━━━━━ Record extracts ━━━━━

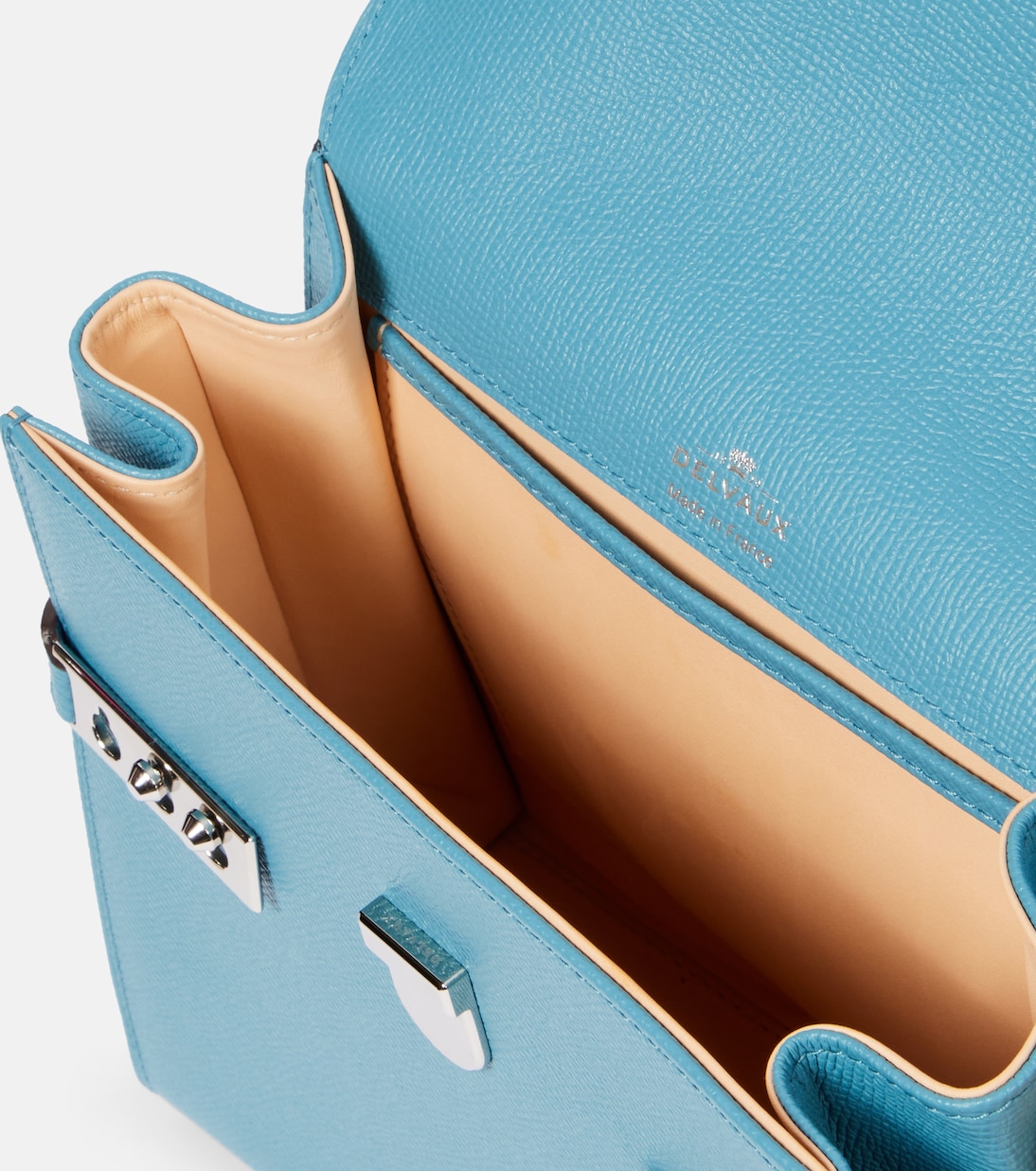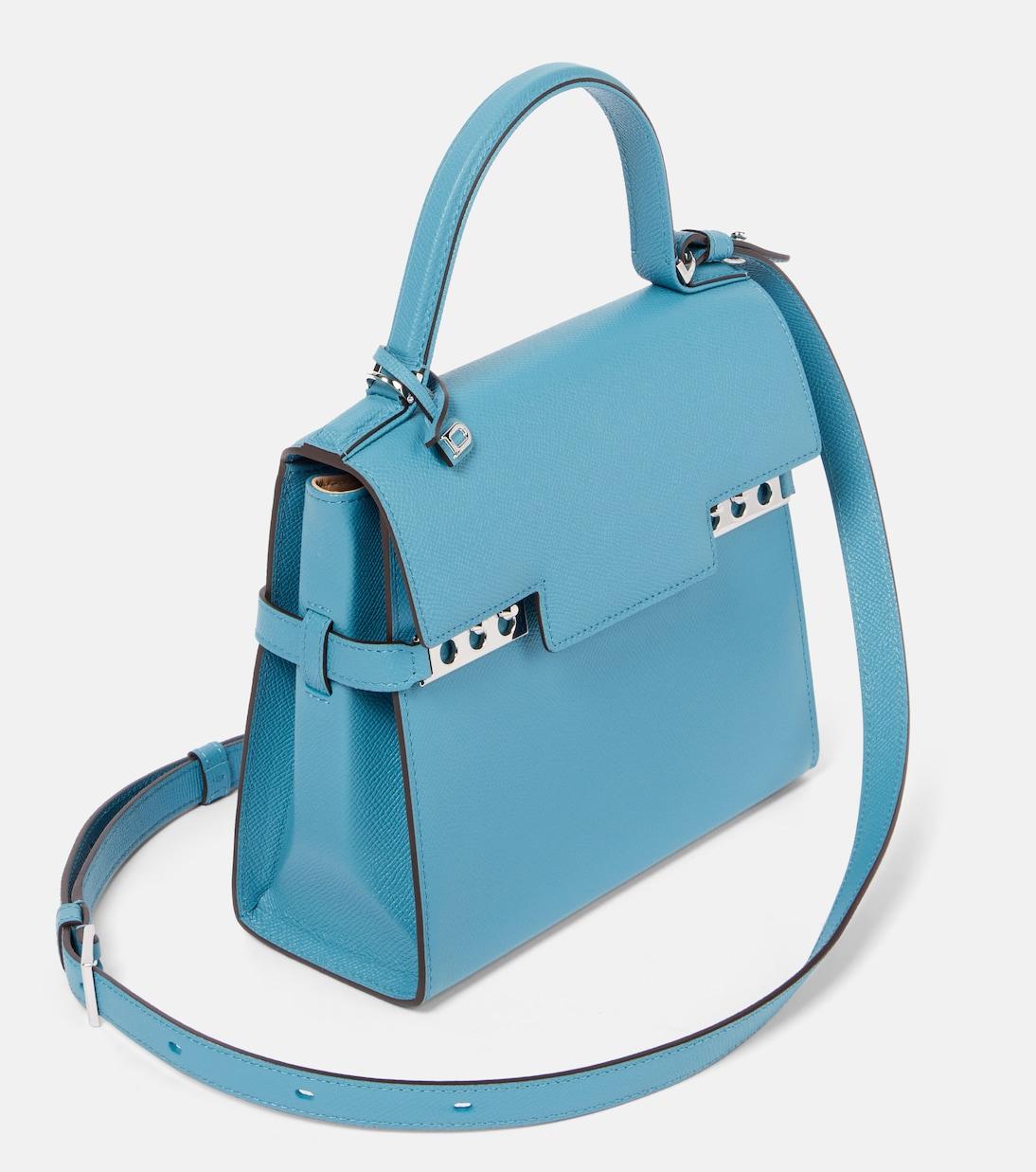 Сумка Tempête, вдохновленная трапецией парусника, отличается элегантными линиями, утонченным силуэтом и культовыми застежками с заклепками. Эта сумка Tempête Medium, изготовленная из телячьей кожи Derby Calf от Delvaux, представлена в цвете «бассейн» (бассейн) с серебристой фурнитурой и фирменными застежками с заклепками на переднем клапане.
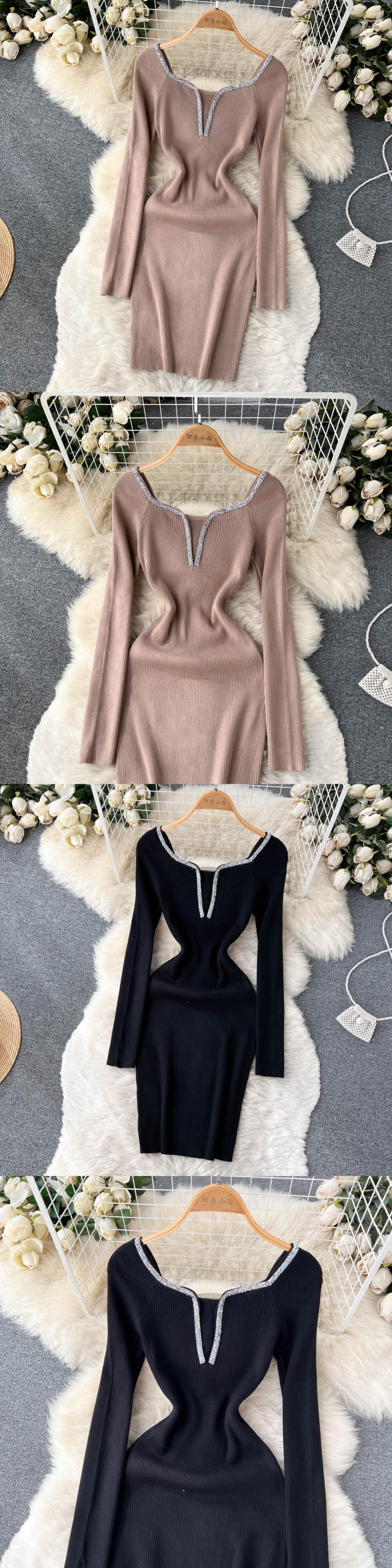 レトロスリムボディコンニットドレス気質長袖ボディコンセータードレススクエアカラーの女性の冬のショートドレス ロング ウィンター 冬物 スクウェア Abe92552219754
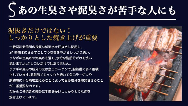 | ※白焼きと蒲焼きで同梱物が若干異なります。 ■蒲焼き 110g×2尾・たれ、吸い物、山椒×各2 ■白焼 110g×2尾・わさび、醤油、吸い物 |
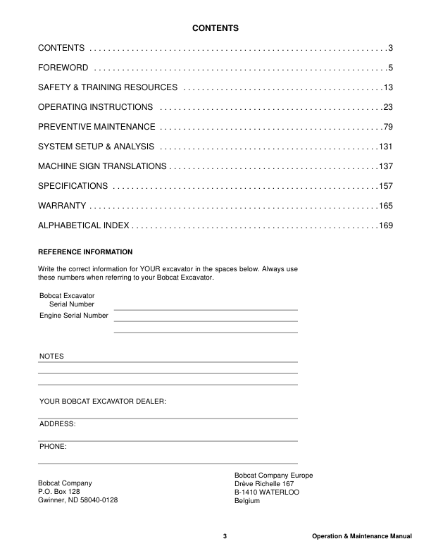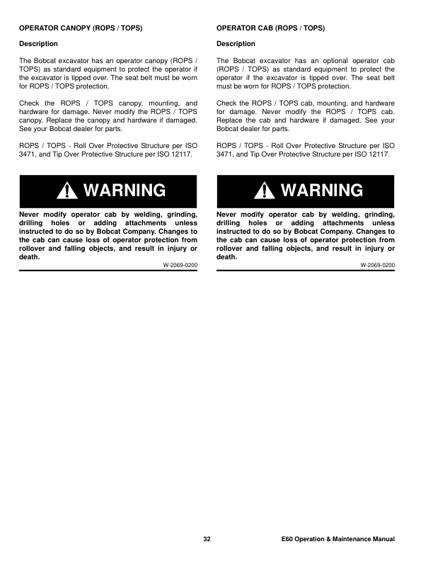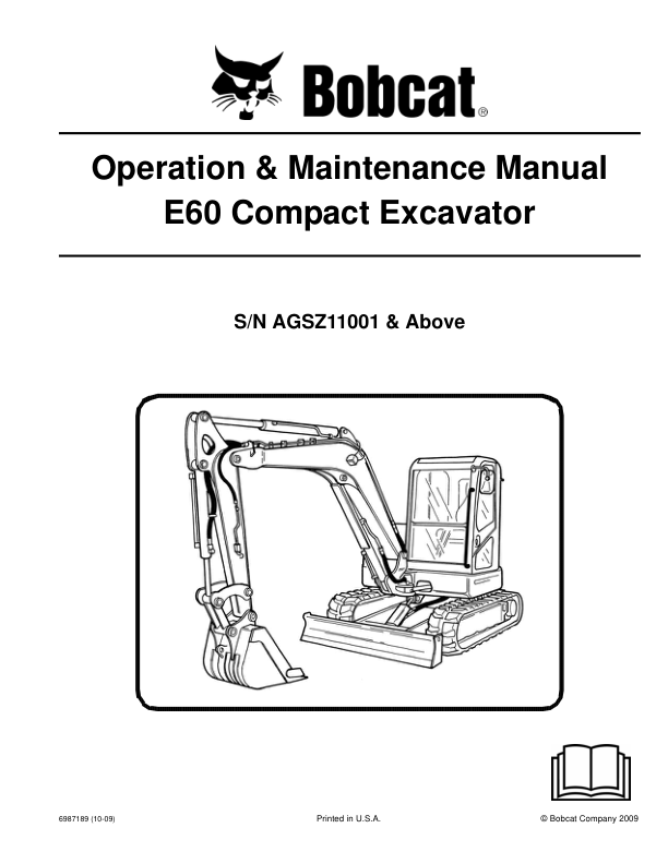 Bobcat E60 Compact Excavator Operation and Maintenance Manual AGSZ11001
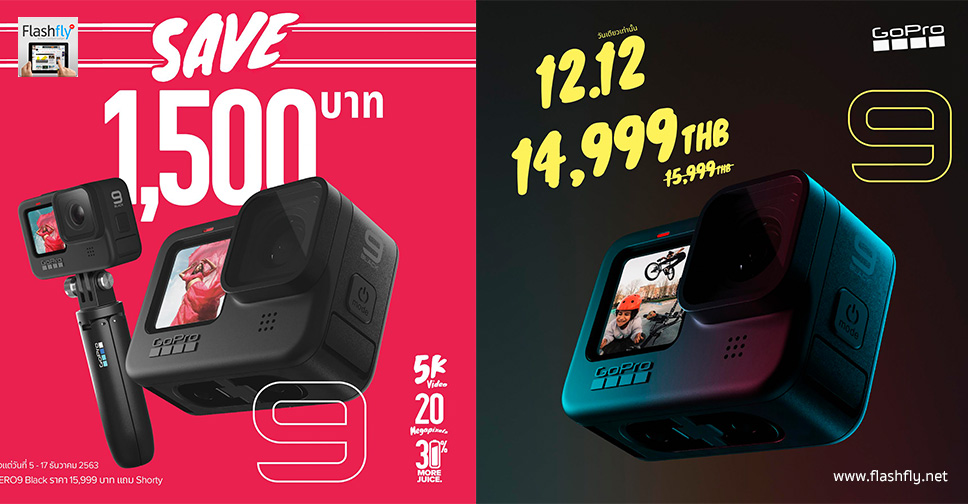 GoPro เอาใจสาวกสายเที่ยวจัดสองโปรโมชั่นเด็ดให้แฟนๆได้เลือกสรรในแคมเปญ 12.12 ลดส่งท้ายปีครั้งใหญ่ ด้วยโปรโมชั่นแรกที่จะช่วยคุณประหยัดเงินในกระเป๋า เพียงแค่คุณซื้อ GoProHERO9 Black ระหว่างวันที่ 5 – 17 ธันวาคม 2563 ในราคา 15,999 บาท รับไปเลยทันทีด้ามจับ Shorty มูลค่า 1,500 บาท ฟรี!! หรือใครที่อยากได้ GoPro HERO9 ในราคาพิเศษ GoPro ก็จัดให้อีกหนึ่งโปรโมชั่นทางเลือกกับ GoPro HERO9 Black ในราคาพิเศษเพียง 14,999 จากปกติราคา 15,999 บาท เฉพาะวันที่ 12 ธันวาคม 2563 นี้เท่านั้น ทั้งสองโปรโมชั่นนี้มีให้ทุกท่านได้จับจองได้ทั้งบนออนไลน์และหน้าร้านทั่วประเทศ สามารถตรวจสอบรายชื่อตัวแทนจำหน่ายอย่างเป็นทางการได้ที่ https://bit.ly/goprodealer หรือซื้อทันทีผ่าน GoPro Official Store ที่ https://bit.ly/3eQma2v แล้วเราจะได้มาเป็นครอบครัว GoPro ด้วยกัน!
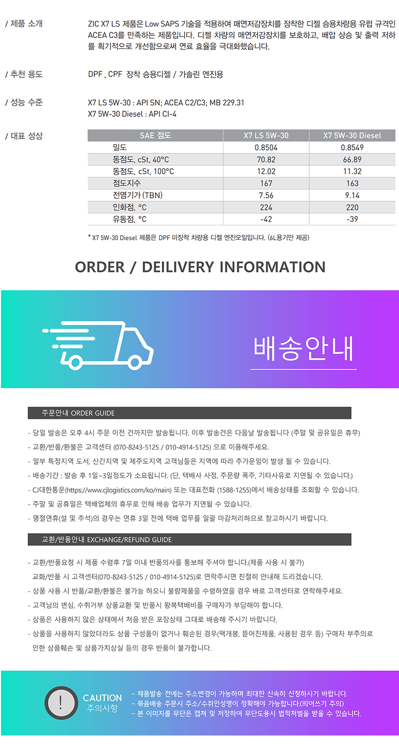지크 ZIC X7 LS 5W30(DPF) 18L
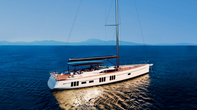 Key features include an elongated coachroof and a sizable aft deck for storing a ‘decent’ tender. There are also fold-down bulwarks to enlarge the relaxing area and under-deck stowage for jetskis.
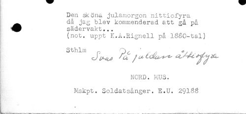 //// Den sköna julamorgon nittiofyra //// ^ då jag blev kommenderad att gå på //// ^^ sädervakt... //// (not. uppt K.A.Rignell på 1880-tal) //// Sthlm ,, ' //// B:' ' //// NORD. MUS. //// Mskpt. Soldatsånger. E.U. 29138 //// L^.___^^_____^_^ ////
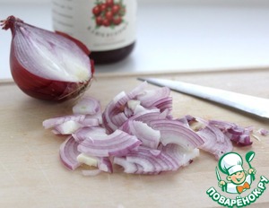 Очистить небольшую красную салатную луковицу и нарезать на четвертинки.
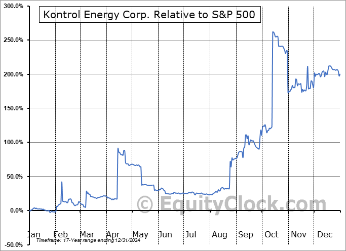 Analysis of the Kontrol Energy Corp. (OTCMKT:KNRLF) seasonal charts above shows that a Buy Date of November 16 and a Sell Date of February 12 has resulted in a geometric average return of 10.47% above the benchmark rate of the S&P 500 Total Return Index over the past 17 years. This seasonal timeframe has shown positive results compared to the benchmark in 11 of those periods. This is a fair rate of success and the return strongly outperforms the relative buy-and-hold performance of the stock over the past 17 years by an average of 24.65% per year.
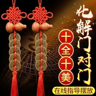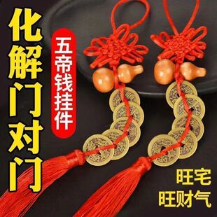 五帝钱葫芦挂件门对门铜钱串纯黄铜****邻居门挂五吊钱真品吉祥物
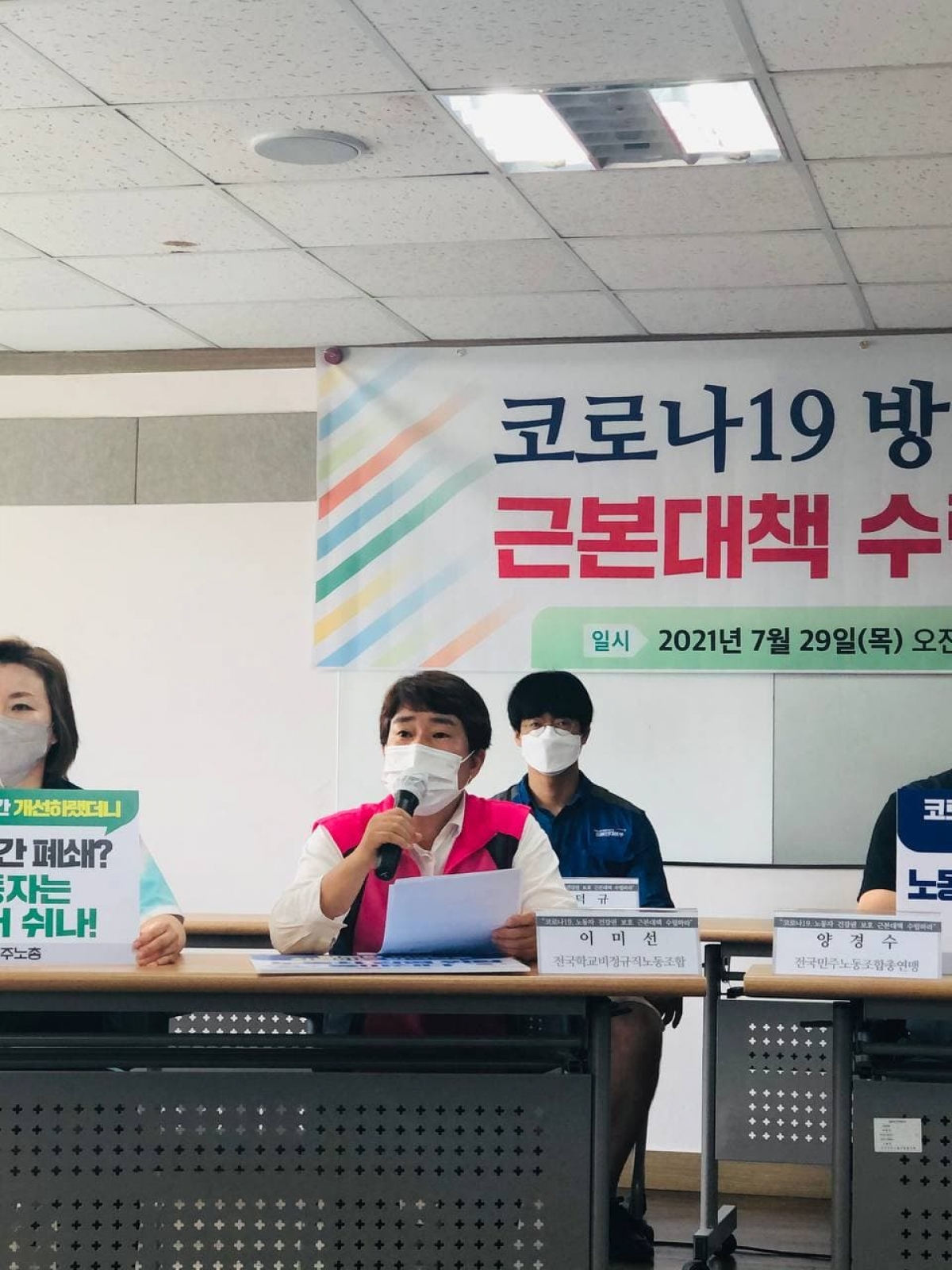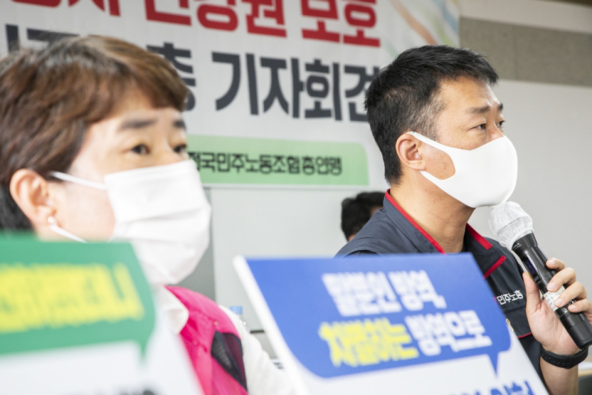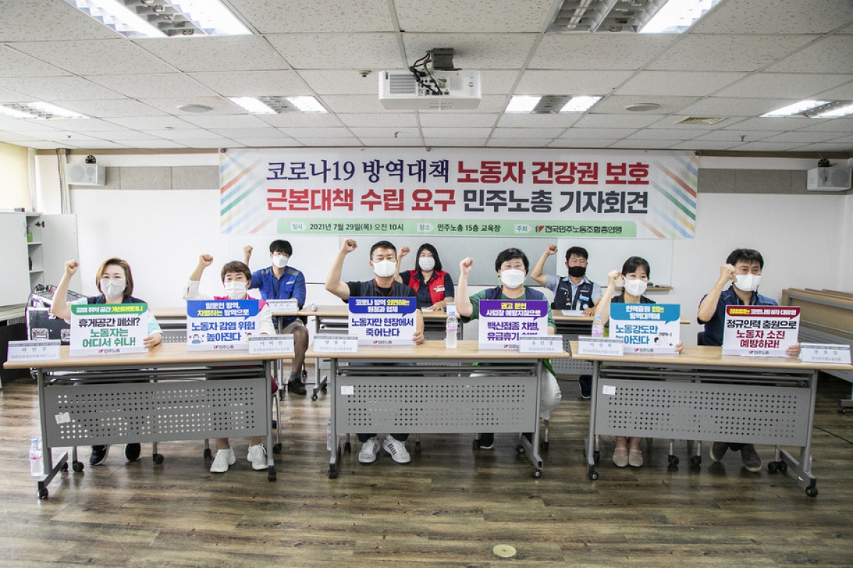 민주노총은 오늘(7.29) 코로나 방역일선에 있는 노동자들의 건강권 보호를 위한 근본대책 수립을 요구하며 기자회견을 개최했다.

━━━━━

→ **Your goal**: Both boundary lines included, write out word for word only the lines above from the one containing "110g×2尾・たれ、吸い物、山椒×各2 ■白焼 110g×2尾・わさび、醤油、吸い物 |" to the one containing "Bobcat E60 Compact", leaving out any pictures.

→ **Solution to the exercise**:
 | ※白焼きと蒲焼きで同梱物が若干異なります。 ■蒲焼き 110g×2尾・たれ、吸い物、山椒×各2 ■白焼 110g×2尾・わさび、醤油、吸い物 |
 Bobcat E60 Compact Excavator Operation and Maintenance Manual AGSZ11001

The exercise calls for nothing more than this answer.